## Data to use
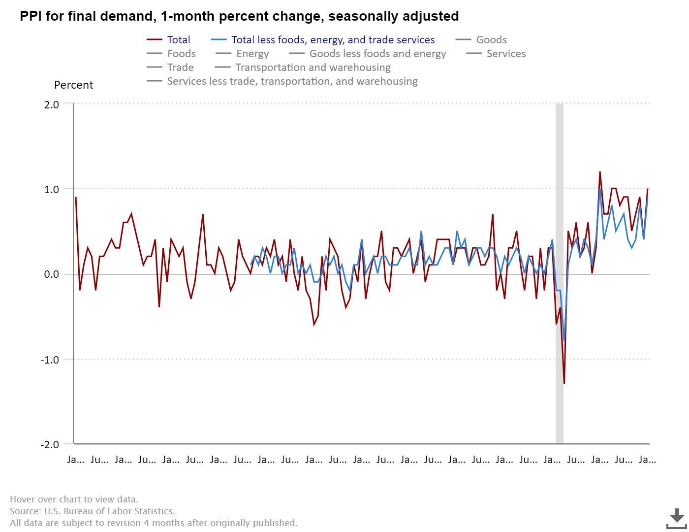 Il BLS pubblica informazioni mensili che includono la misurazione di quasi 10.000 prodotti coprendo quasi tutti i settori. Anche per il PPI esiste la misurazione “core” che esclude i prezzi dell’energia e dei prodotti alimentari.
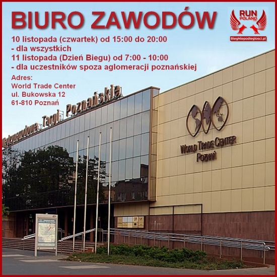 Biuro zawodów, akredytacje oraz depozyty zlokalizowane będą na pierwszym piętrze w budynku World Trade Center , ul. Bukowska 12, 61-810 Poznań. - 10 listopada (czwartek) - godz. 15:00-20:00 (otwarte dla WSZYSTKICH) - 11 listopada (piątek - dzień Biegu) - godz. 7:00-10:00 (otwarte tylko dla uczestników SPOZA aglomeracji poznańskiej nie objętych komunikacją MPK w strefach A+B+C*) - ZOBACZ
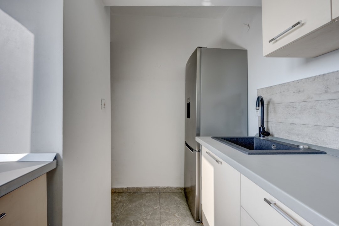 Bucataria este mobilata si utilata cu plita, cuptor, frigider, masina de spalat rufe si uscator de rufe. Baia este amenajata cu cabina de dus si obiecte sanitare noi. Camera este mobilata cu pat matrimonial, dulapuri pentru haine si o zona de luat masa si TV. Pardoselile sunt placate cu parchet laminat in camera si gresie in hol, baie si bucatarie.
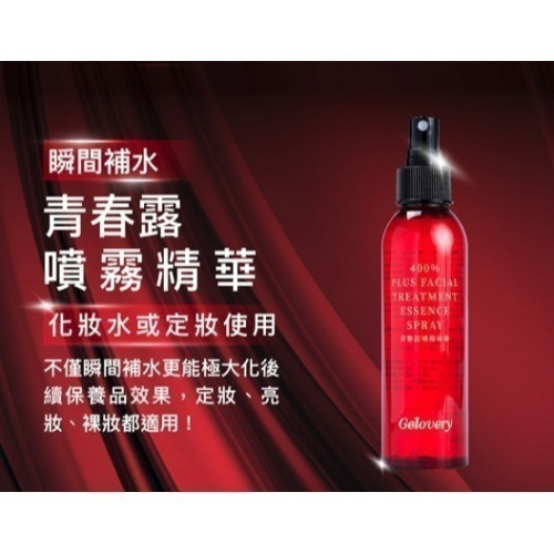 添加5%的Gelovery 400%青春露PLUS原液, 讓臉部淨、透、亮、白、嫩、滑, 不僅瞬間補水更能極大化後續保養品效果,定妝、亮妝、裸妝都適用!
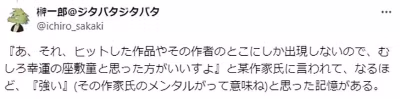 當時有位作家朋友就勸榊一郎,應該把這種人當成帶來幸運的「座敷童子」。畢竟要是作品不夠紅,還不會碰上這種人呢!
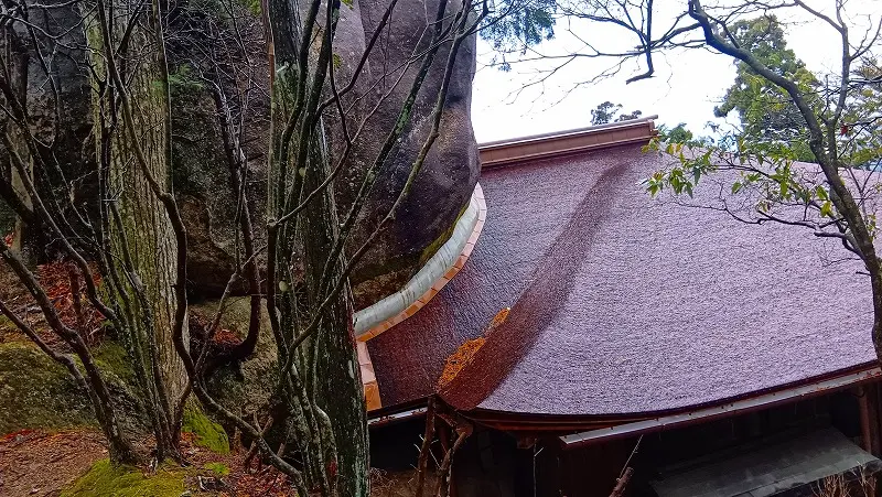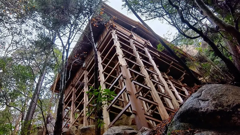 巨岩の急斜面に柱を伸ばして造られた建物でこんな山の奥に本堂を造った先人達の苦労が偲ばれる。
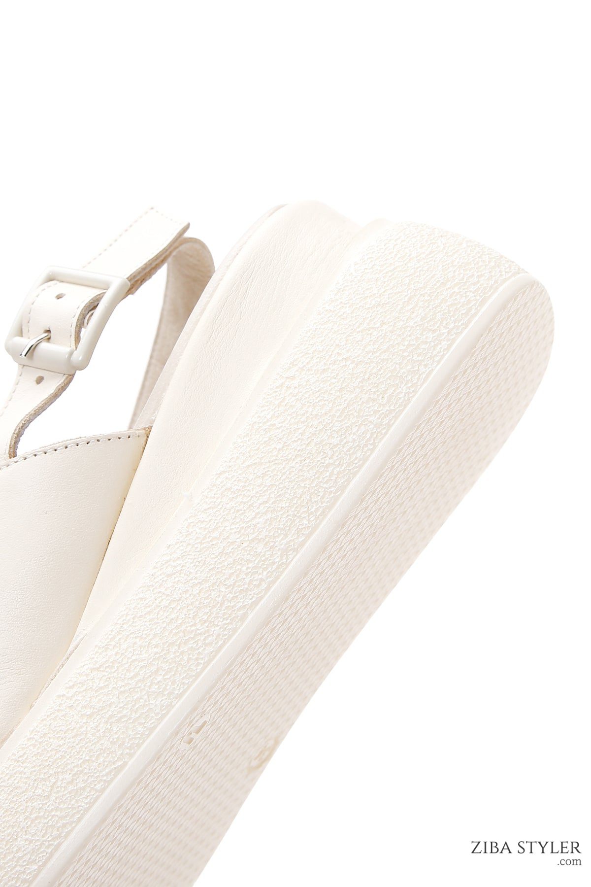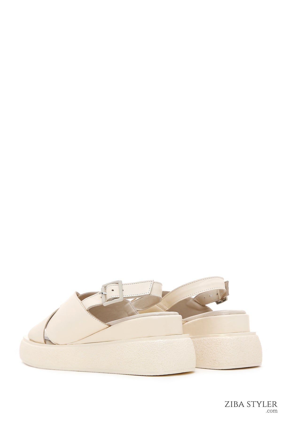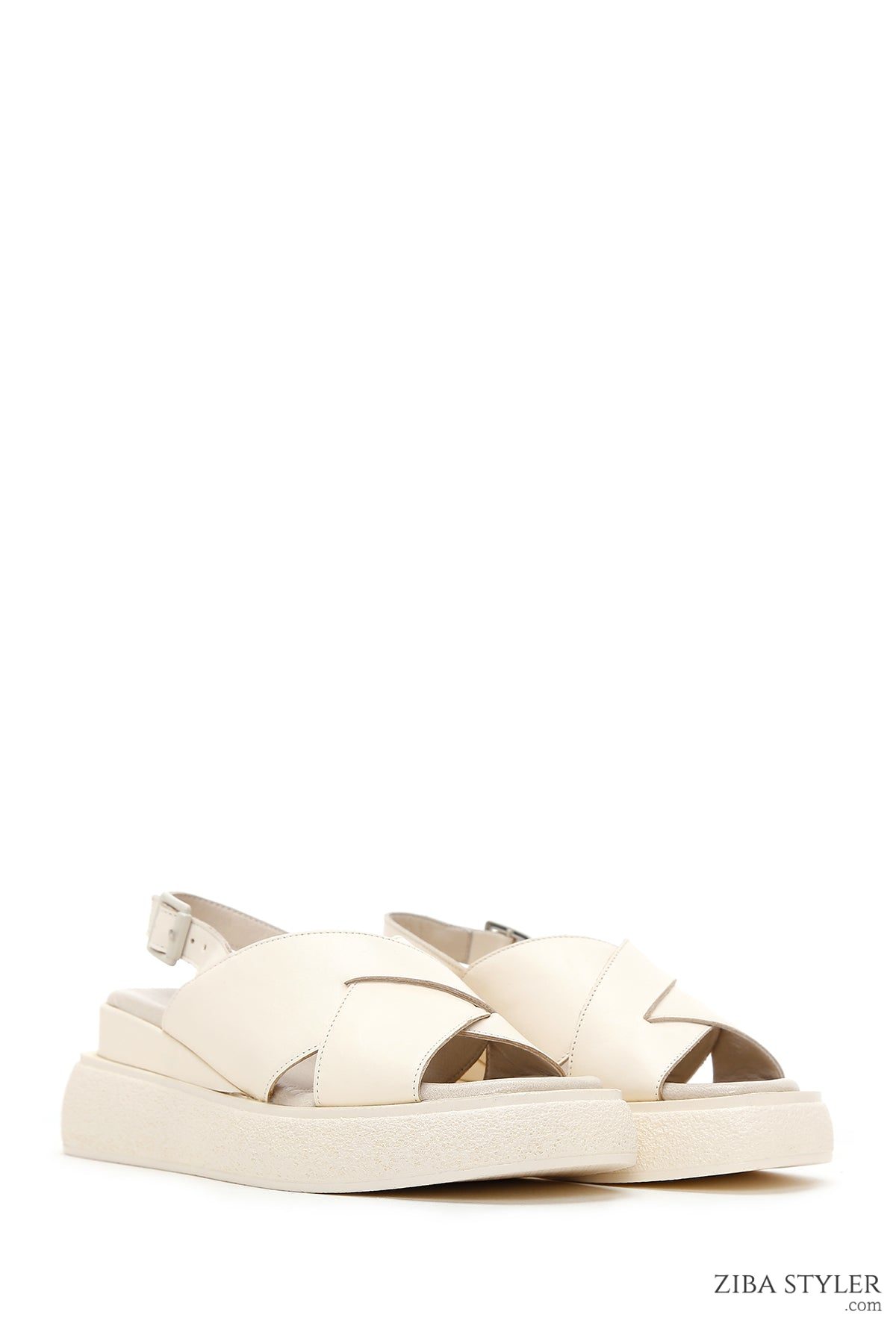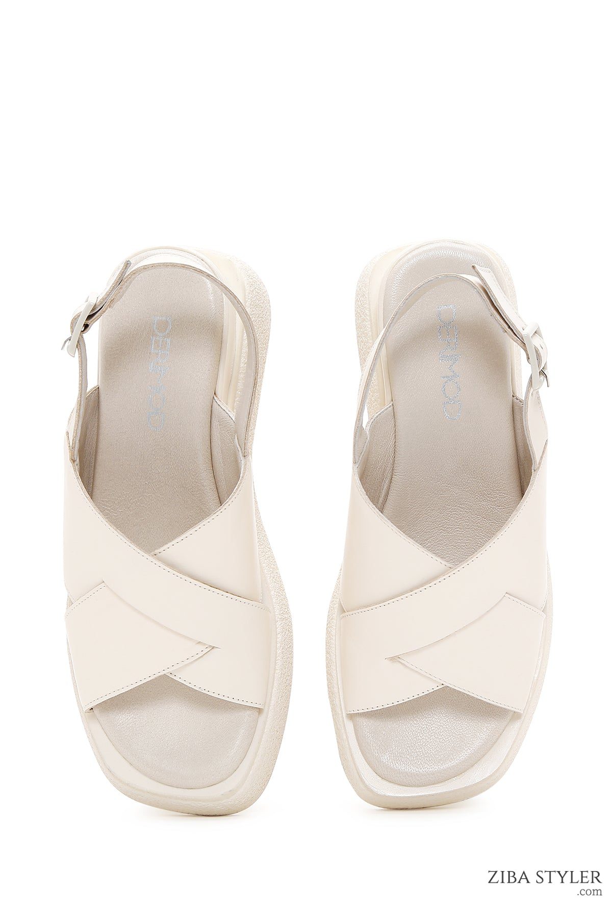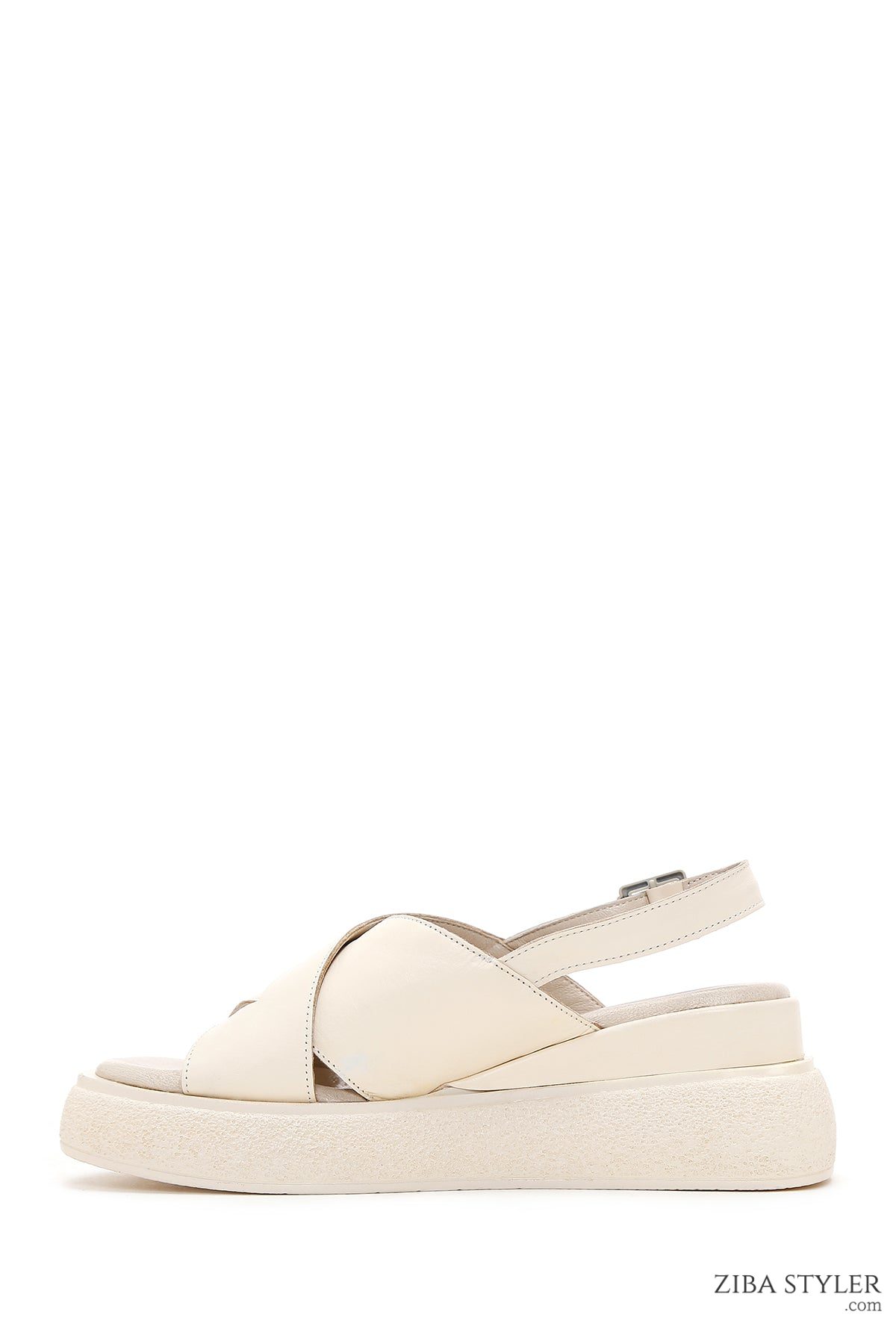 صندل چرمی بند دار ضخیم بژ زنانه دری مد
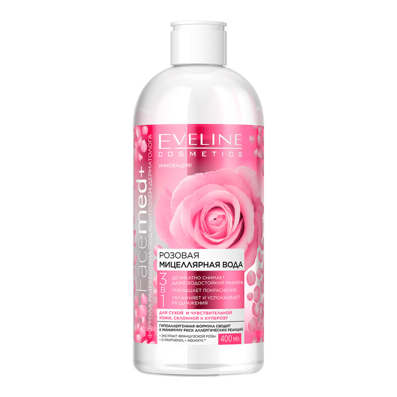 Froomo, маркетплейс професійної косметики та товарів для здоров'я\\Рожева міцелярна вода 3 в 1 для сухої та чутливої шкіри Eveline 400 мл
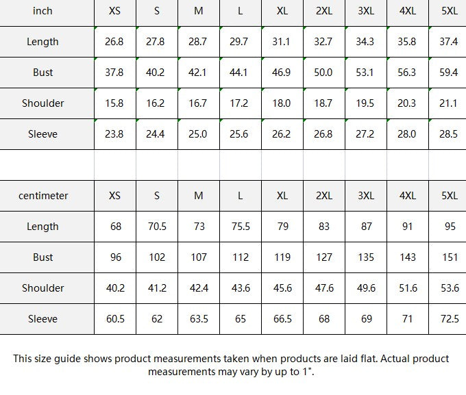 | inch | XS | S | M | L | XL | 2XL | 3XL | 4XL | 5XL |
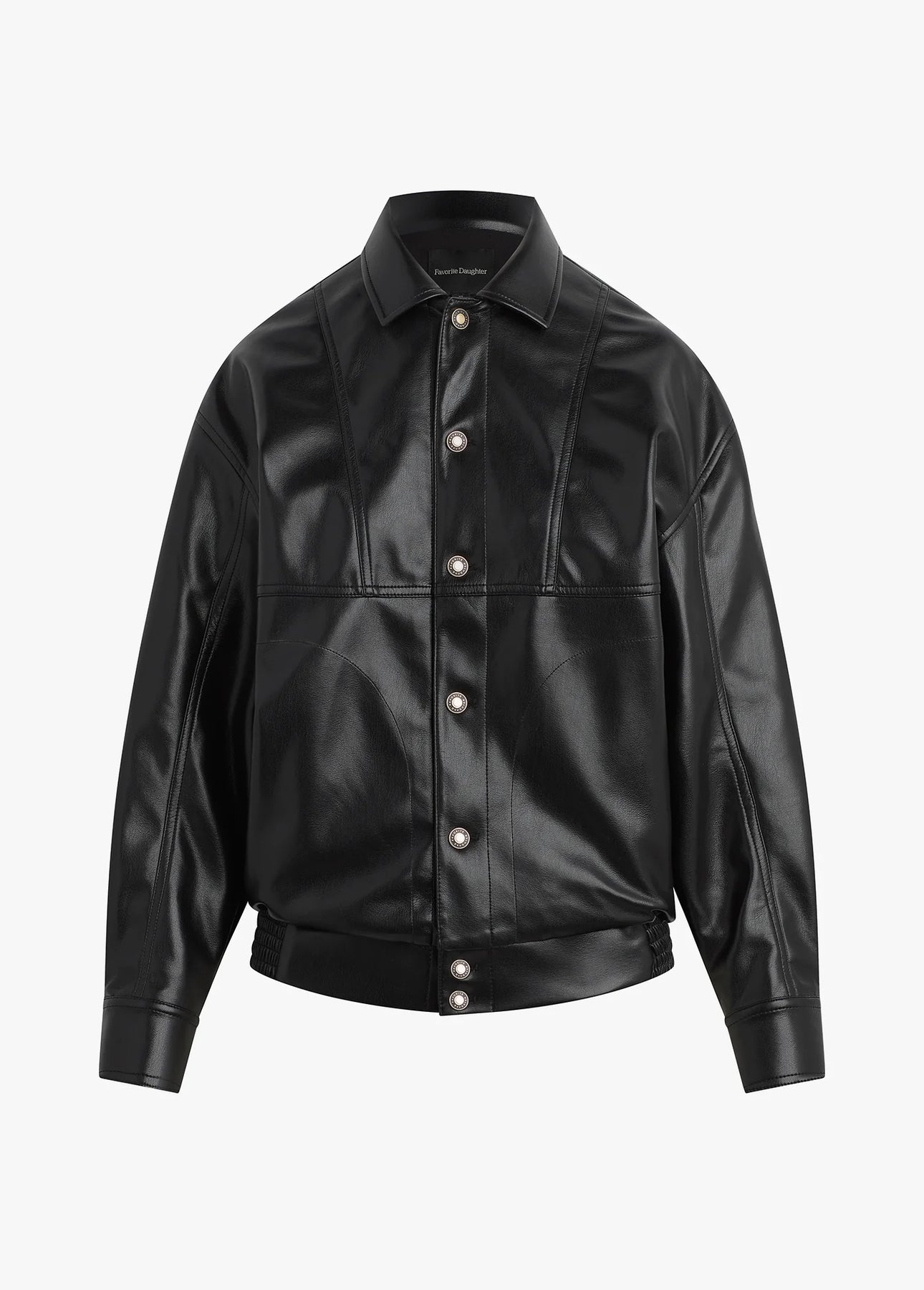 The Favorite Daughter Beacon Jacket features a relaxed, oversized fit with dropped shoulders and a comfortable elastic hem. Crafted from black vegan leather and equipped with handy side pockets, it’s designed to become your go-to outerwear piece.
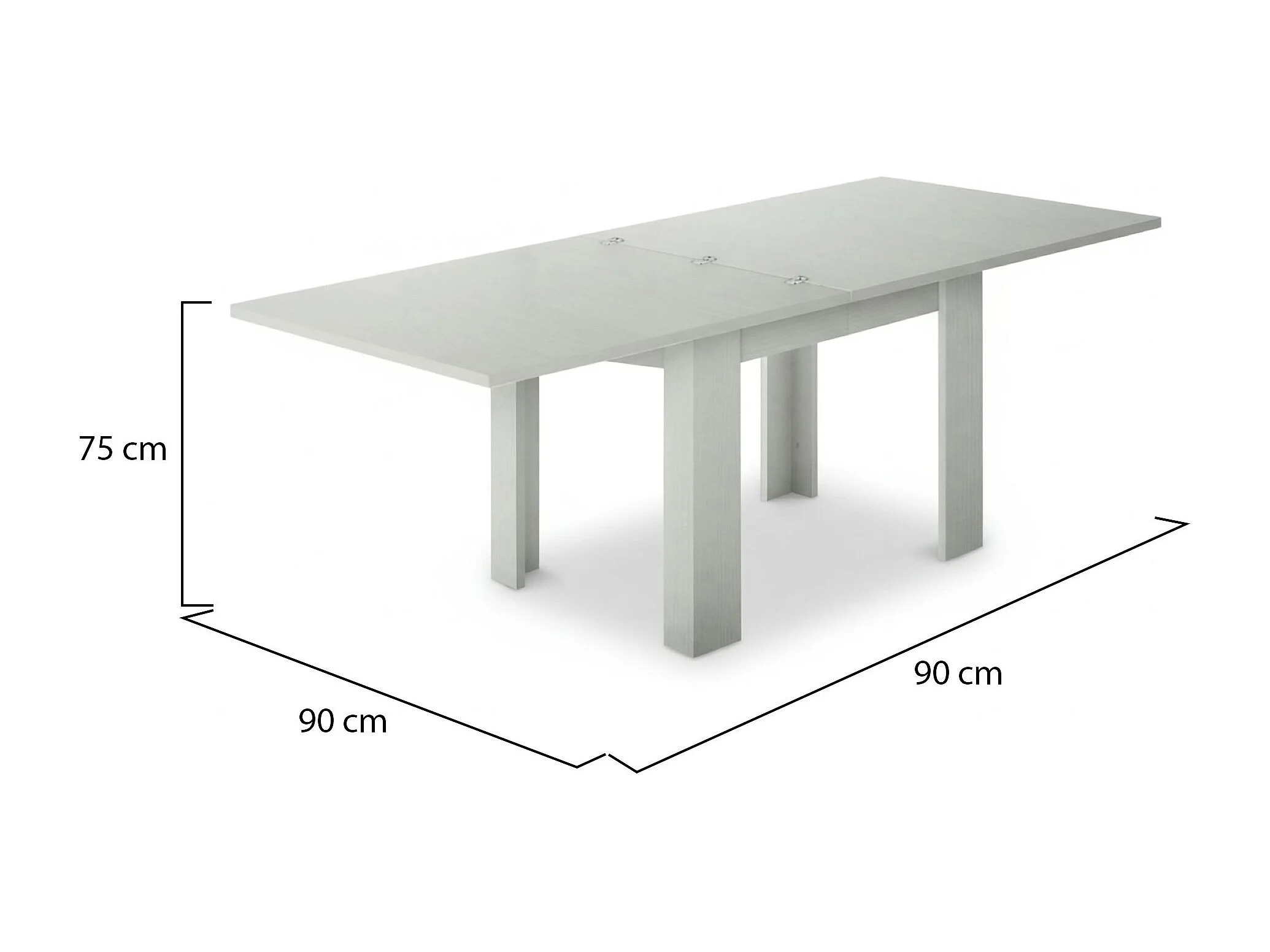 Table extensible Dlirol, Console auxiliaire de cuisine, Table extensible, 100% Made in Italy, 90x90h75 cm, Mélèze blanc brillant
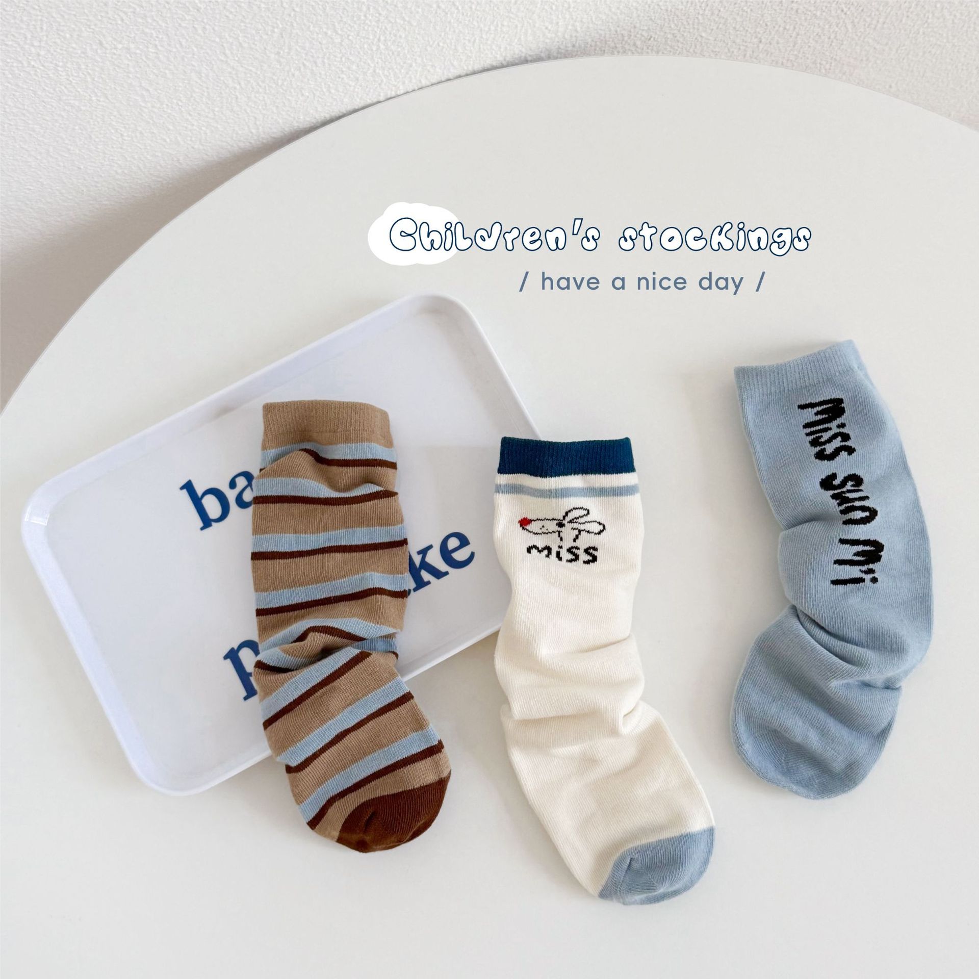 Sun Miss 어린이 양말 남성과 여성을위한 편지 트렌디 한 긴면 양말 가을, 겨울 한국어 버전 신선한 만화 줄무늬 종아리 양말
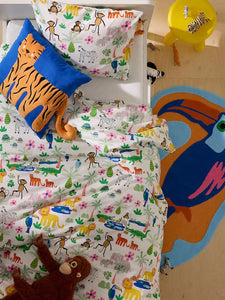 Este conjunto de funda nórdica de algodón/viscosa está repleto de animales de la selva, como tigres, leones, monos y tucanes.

## Exercise directions
The required answer is the lines from the one that contains "Froomo, маркетплейс професійної" through the last line of the records, restated word for word, with every picture dropped.

## Exercise result
 Froomo, маркетплейс професійної косметики та товарів для здоров'я\\Рожева міцелярна вода 3 в 1 для сухої та чутливої шкіри Eveline 400 мл
 | inch | XS | S | M | L | XL | 2XL | 3XL | 4XL | 5XL |
 The Favorite Daughter Beacon Jacket features a relaxed, oversized fit with dropped shoulders and a comfortable elastic hem. Crafted from black vegan leather and equipped with handy side pockets, it’s designed to become your go-to outerwear piece.
 Table extensible Dlirol, Console auxiliaire de cuisine, Table extensible, 100% Made in Italy, 90x90h75 cm, Mélèze blanc brillant
 Sun Miss 어린이 양말 남성과 여성을위한 편지 트렌디 한 긴면 양말 가을, 겨울 한국어 버전 신선한 만화 줄무늬 종아리 양말
 Este conjunto de funda nórdica de algodón/viscosa está repleto de animales de la selva, como tigres, leones, monos y tucanes.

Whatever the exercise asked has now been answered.